Colorado’s largest buildings will have to follow a carbon consumption diet plan to cut state greenhouse gas emissions, with the Air Quality Control Commission passing the controversial regulations over days of intense opposition testimony from property managers. 

State air and clean energy officials said they tried to accommodate objections that efficiency modifications had premature deadlines, would cost too much, and may not achieve the targeted emissions cuts. But in the end, the commission late Thursday approved the basic plan requiring 8,000 Colorado buildings to slash carbon emissions 7% by 2026, and 20% by 2030

Regulation 28 applies to apartments, office and industrial buildings over 50,000 square feet, and fulfills 2021 legislation that called for Colorado’s building sector to share in the carbon cuts demanded from other major polluters such as transportation, utilities and oil and gas drilling. Colorado regulators say large buildings are one of the five highest categories of commerce contributing to state greenhouse gas emissions, which must be trimmed overall by 50% by 2030, from a 2005 benchmark. 
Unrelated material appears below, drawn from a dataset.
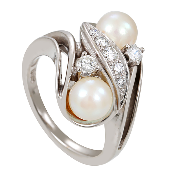Ring, 14K, Weißgold, Perlen, Brillanten

“Reducing pollution from large buildings is essential to meet our greenhouse gas pollution reduction targets and ensure that the state’s existing buildings are ready for Colorado’s clean energy future,” Colorado Energy Office Executive Director Will Toor said after the measure passed. “Today’s investments to improve building energy efficiency and reduce building energy use will save Coloradans money on energy costs and improve Colorado’s air quality for decades to come.”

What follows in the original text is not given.